Below are some records. Return exactly their lines from the one containing "Chulapón a vela" through the one containing "Митинг 2007 г.", and drop the pictures.
====== TASK INPUTS ======
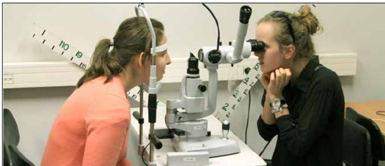
Licealiści podczas warsztatów z optometrii na Politechnice Wrocławskiej, 2013 r.

Zespołu Szkół Twórczych, przekształconego w 1989 r. w Towarzystwo Szkół Twórczych, które w 1996 r. skupiało 32 licea ogólnokształcące z całego kraju. Wspólne działania tych szkół najpierw koncentrowały się na stworzeniu koncepcji pracy z uczniem zdolnym, a później rozszerzono je o inicjatywy usprawniające cały proces dydaktyczno-wychowawczy. W latach 90. XX w., w ramach działalności w Towarzystwie Szkół Twórczych, uczniowie corocznie
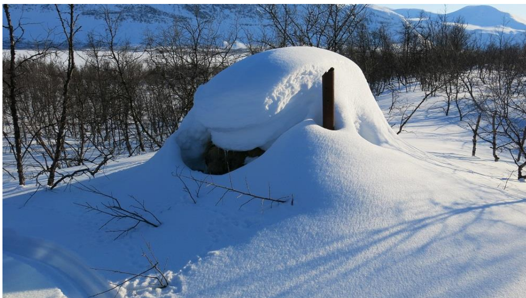
Gamma i Stordalen godt dekt med snø.

Særlige bestillinger eller føringer fra staten ved Miljødirektoratet eller departement kalles sentrale bestillinger og føringer.
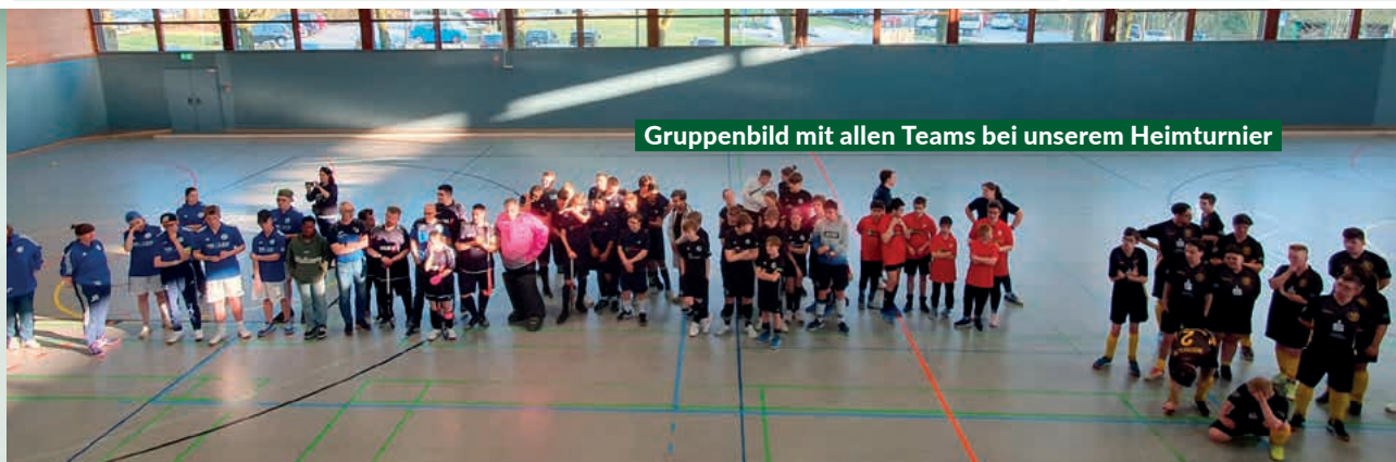
Gruppenbild mit allen Teams bei unserem Heimturnier

DO | 17 Uhr 90 Min | KR FR | 18:30 Uhr 75 Min | KR
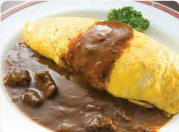
オムカレー Omu Curry

95 ++ fried rice wrapped in omelette with curry sauce
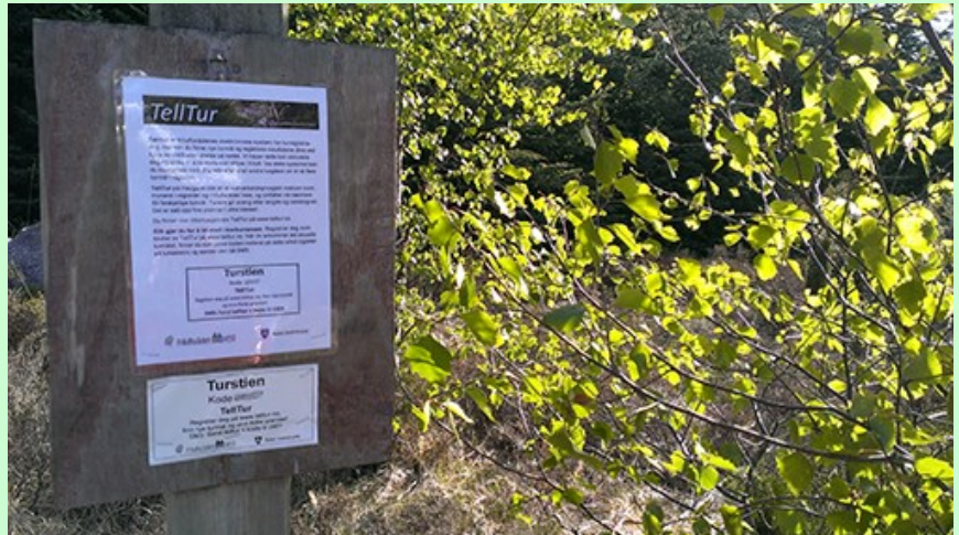
På bildet er koden utstroken, men du finn han på Turstien - ved krysset med traktorvegen.

Forutan å finna turmål og registrera resultatane dine på www.telltur.no , kan du konkurrera med deg sjølv eller med andre turgåarar om å nå fleire mål. Klikk «Velg turmål»/«Finn turmål» og klikk deg fram til ditt område for å sjå kva for nokre turmål som finst og bli med på tur!
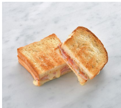
Ham & Melted Cheese Sandwich ハムとチーズのメルトサンド

原材料に小麦・卵・乳を含む Allergen advice: Wheat, Egg, Milk
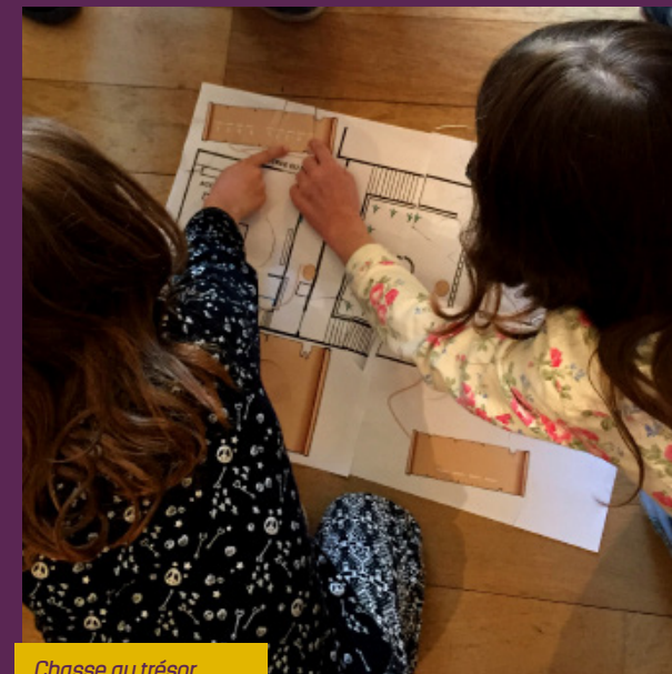
Chasse au trésor.

maquette : service communication - janvier 2018
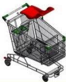
单人婴儿提篮手推车
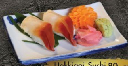
Hokkigai Sushi 80.- หอยเม่นสด ชูชิ
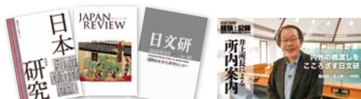
最近の日文研出版物
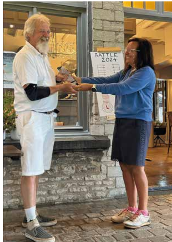
Met één luttel punt wisten we de Battle Wisselbeker te bemachtigen.

De netto matchplay competitie loopt eveneens op haar einde en de ½ finale en finales worden
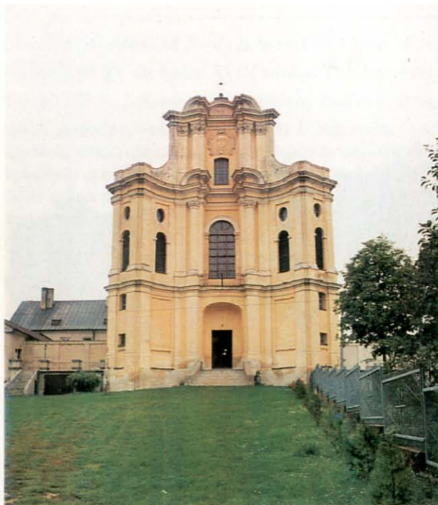
Drohiczyn. Kościół benedyktynek. Fot.: W. Wilczewski, 1995. Ze zbiorów Regionalnego Ośrodka Studiów i Ochrony Środowiska Kulturowego w Białymstoku.
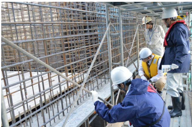
型枠作成前の、組まれた鉄筋が 見える箇所を見学
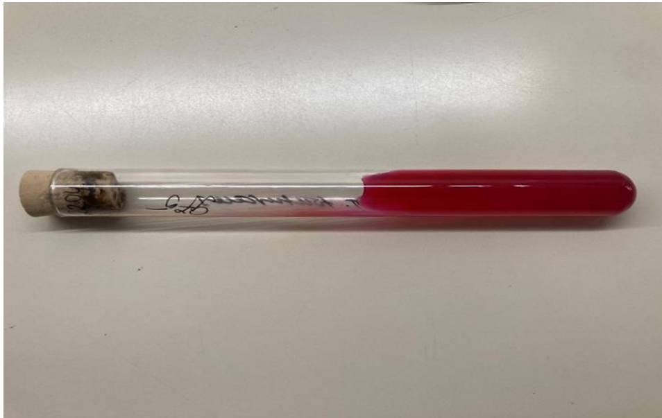
Slika 4. DTM agar, promjena boje medija iz žute u crvenu

Od poraslih kolonija izrađuju se mikroskopski preparati uz pomoć posebno oblikovanih žičanih eza, no na ovaj način nije uvijek moguće dobiti lijepu sliku. U tom je slučaju potrebno poraslu kulturu presijati na krumpirovu podlogu, PGA (engl. Potato Dextrose Agar ). PGA se priprema na način da 39 g baze ( Potato Dextrose Agar – Oxoid, Altrincham, Engleska) promiješa i otopi u 1 L vode, a nakon toga i sterilizira u autoklavu na 121 °C 15 min te prelije u petrijeve zdjelice (29). Ova podloga potiče stvaranje konidija i pigmenta i olakšava identifikaciju vrsta plijesni. Preparat za proučavanje mikromorfologije kolonija napravi se uz pomoć prozirnog selotejpa i laktofenola, LCB (engl. Lactophenol cotton blue). Za M.canis karakterističan je nalaz vretenastih makrokonidija debljeg i hrapavog zida sa karakterističnim završetkom u obliku kvržice. Makrokonidije imaju šest ili više odjeljaka (26).
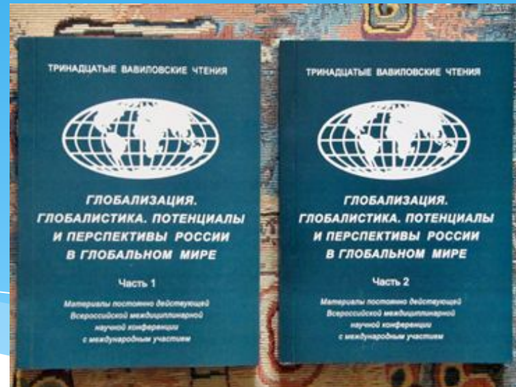
Сборник научных материалов Всероссийских Вавиловских чтений

Факультет является инициатором проведения постоянно действующей всероссийской весенней молодежной конференции с международным участием «Социально-гуманитарные науки в XXI веке: из опыта молодежных исследований». Участниками конференции являются не только студенты России, но и Белоруссии, Украины, Болгарии, США. Выпускаются международные сборники материалов.
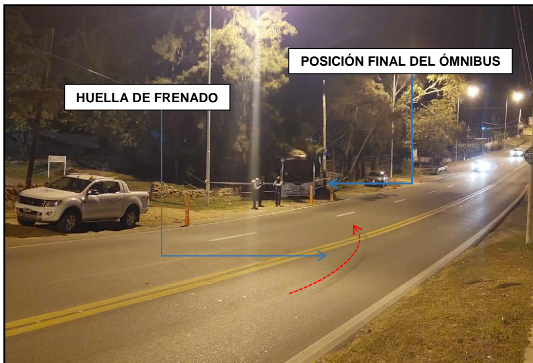
Figura 7. Indicios de interés accidentalológico y posición final del ómnibus.

Posteriormente a la maniobra realizada, el vehículo continuó con su marcha en la misma dirección, atravesó la calzada y la banquina oeste y posteriormente impactó contra un árbol y la estructura de la edificación lindante a la vía de circulación. Finalmente, el rodado quedó detenido sobre la banquina con sentido hacia Villa Carlos Paz y empotrado sobre la edificación lindante a la vía de circulación en forma transversal y oblicua, con su parte anterior hacia el cardinal noroeste y su parte posterior hacia el cardinal sureste (ver Figura 7).
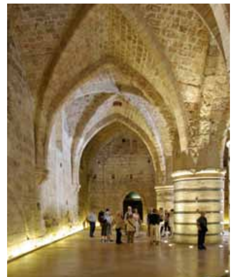
In der Kreuzritterfestung in Akko
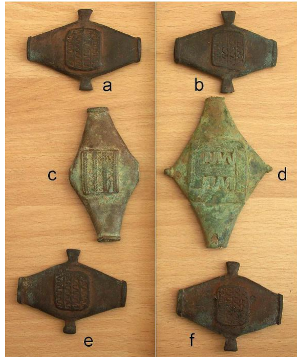
Fig. 2. Jenné bronze rhomboids. Major axis dimensions are a, 8.3 cm; b, 7.6 cm; c, 9.8 cm; d, 10.9 cm; e, 8.0 cm; f, 7.7 cm.
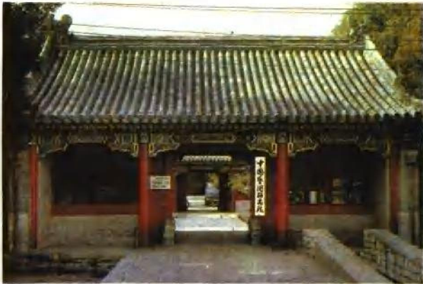
恭亲王府正门 原为三开间大门，两侧各有旁门三间，大门前有石狮一对。王府今改为中国艺术研究院，只留中门。
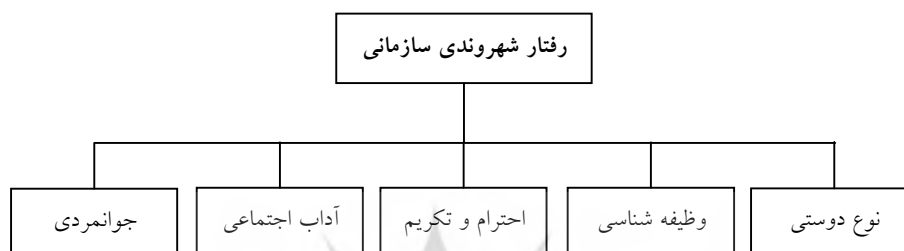
شکل ۱: الگوی رفتار شهروندی سازمانی

از قبیل حضور در فعالیتهای فوق برنامه و اضافی، آن هم زمانی که این حضور لازم نباشد. احترام و تکریم: شامل احترام به حقوق دیگران و مشورت با آنان است؛ این بعد بیان کننده چگونگی رفتار افراد با همکاران، سرپرستان و مخاطبان سازمان است.
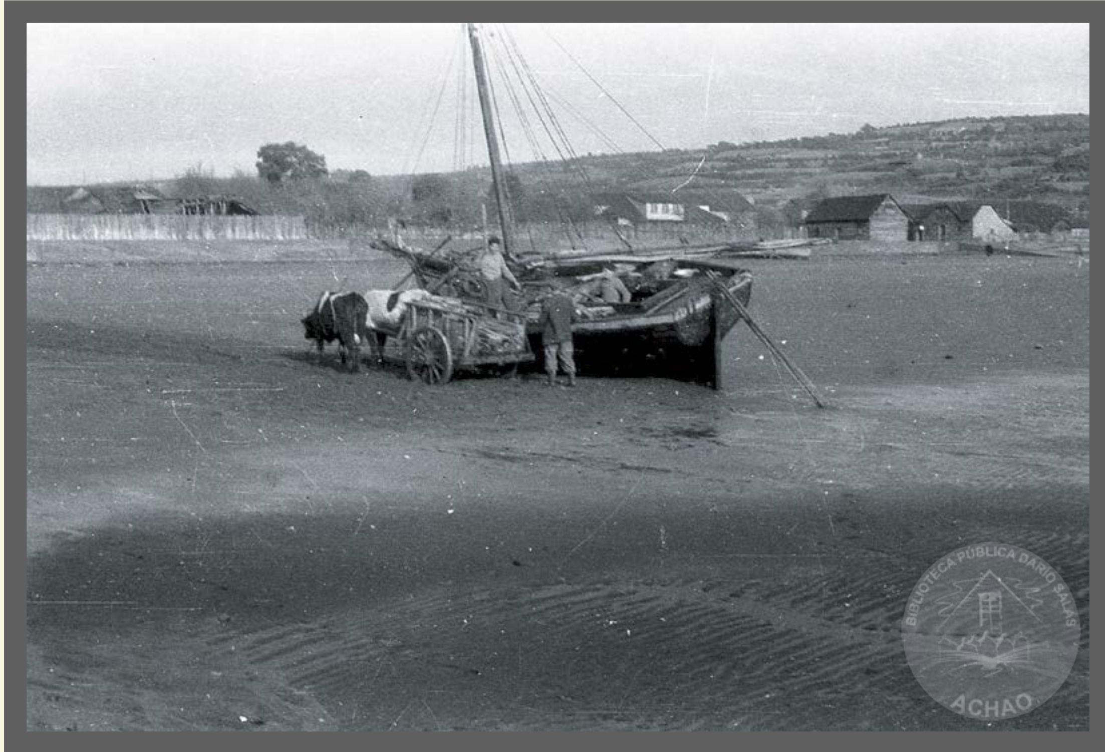
Chulapón a vela varado en el Puerto de Achao en descarga de leña con carreta de bueyes año 1965.
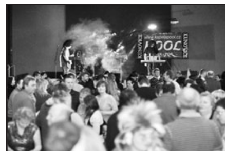
Pofašanková maškarní veselice
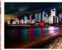
หาดโซเบอร์ NO.3
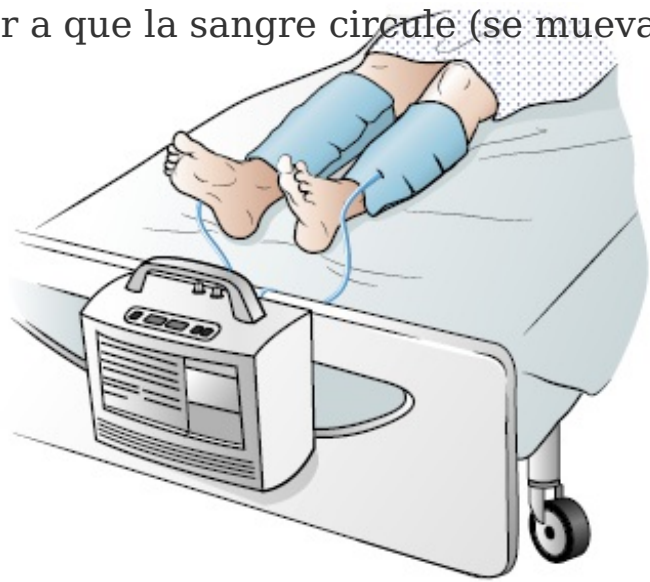
Figura 3. Mangas del SCD en las piernas

Siempre debe usar las mangas del SCD cuando esté en la cama del hospital, a menos que su proveedor de cuidados de la salud le indique que no lo haga. Asegúrese de quitárselas antes de levantarse de la cama, ya que podría tropezarse con la sonda y caerse. Si nota que la sonda está apretada o que la bomba emite un pitido, dígaselo al proveedor de cuidados de la salud.
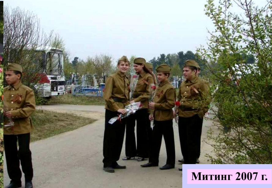
Митинг 2007 г.

Одним из главных направлений в работе отряда занимает Великая отечественная война. Проводиться работа с ветеранами ВОВ; Проведение школьной «Вахты памяти» с участием ветеранов; Уборка возле Обелиска Победы, ветеранских захоронений на шелеховском кладбище; Участие в митингах; Поздравление ветеранов .
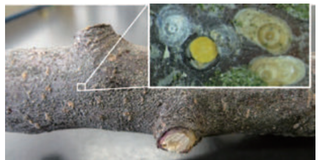
写真3 りんごに寄生するナシマルカイガラムシ

主にりんご、なしの枝幹部に寄生する。寄生された枝の表皮や表皮下は赤紫色に変色する。多発すると枝幹部の表面を覆いつくすようにびっしり寄生し、樹が衰弱、枯死する。果実に寄生すると寄生部周辺がリング状に赤紫色となる。この変色斑は、着色期以降も目立つため実害となる。
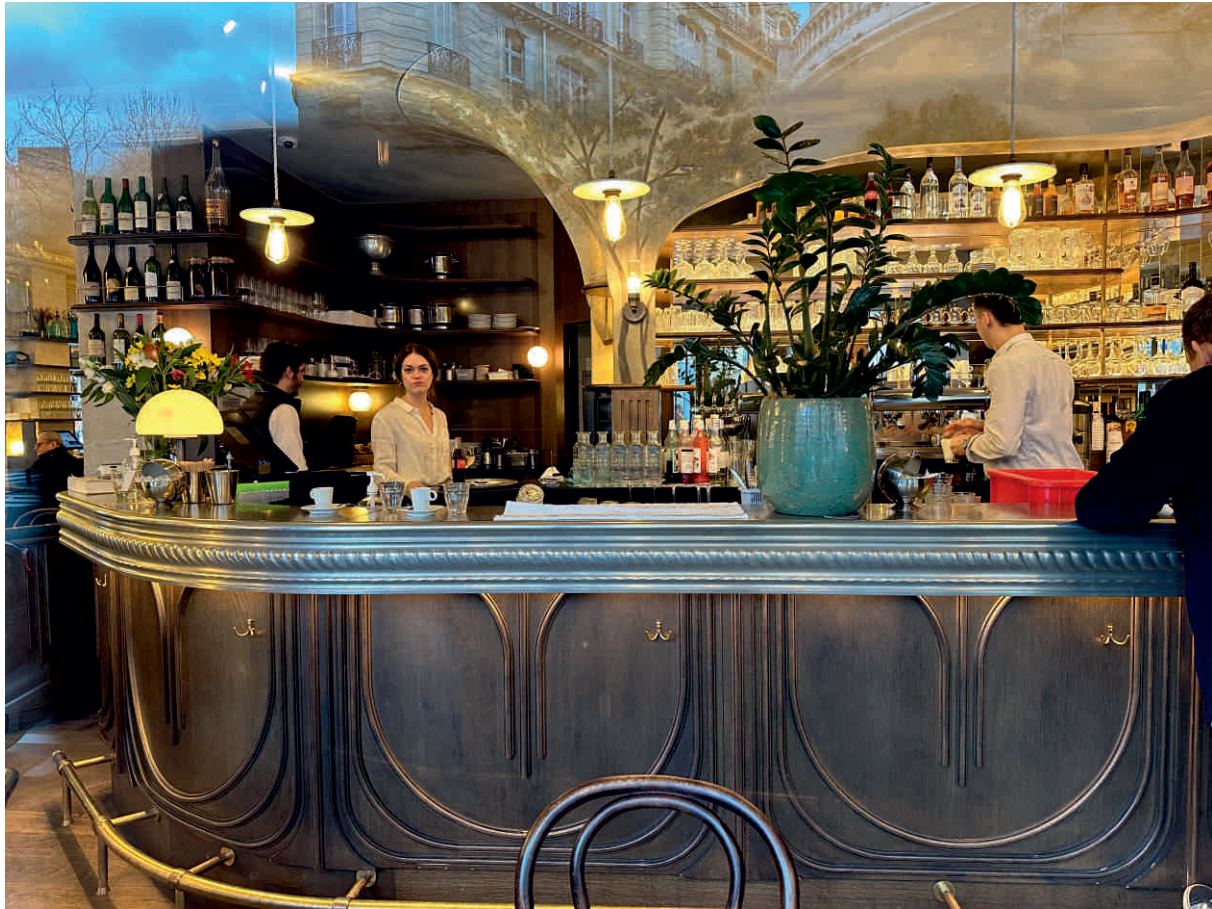
LE CAMPANELLA Bordure n°14
======
* OUTPUT
Chulapón a vela varado en el Puerto de Achao en descarga de leña con carreta de bueyes año 1965.
Pofašanková maškarní veselice
หาดโซเบอร์ NO.3
Figura 3. Mangas del SCD en las piernas

Siempre debe usar las mangas del SCD cuando esté en la cama del hospital, a menos que su proveedor de cuidados de la salud le indique que no lo haga. Asegúrese de quitárselas antes de levantarse de la cama, ya que podría tropezarse con la sonda y caerse. Si nota que la sonda está apretada o que la bomba emite un pitido, dígaselo al proveedor de cuidados de la salud.
Митинг 2007 г.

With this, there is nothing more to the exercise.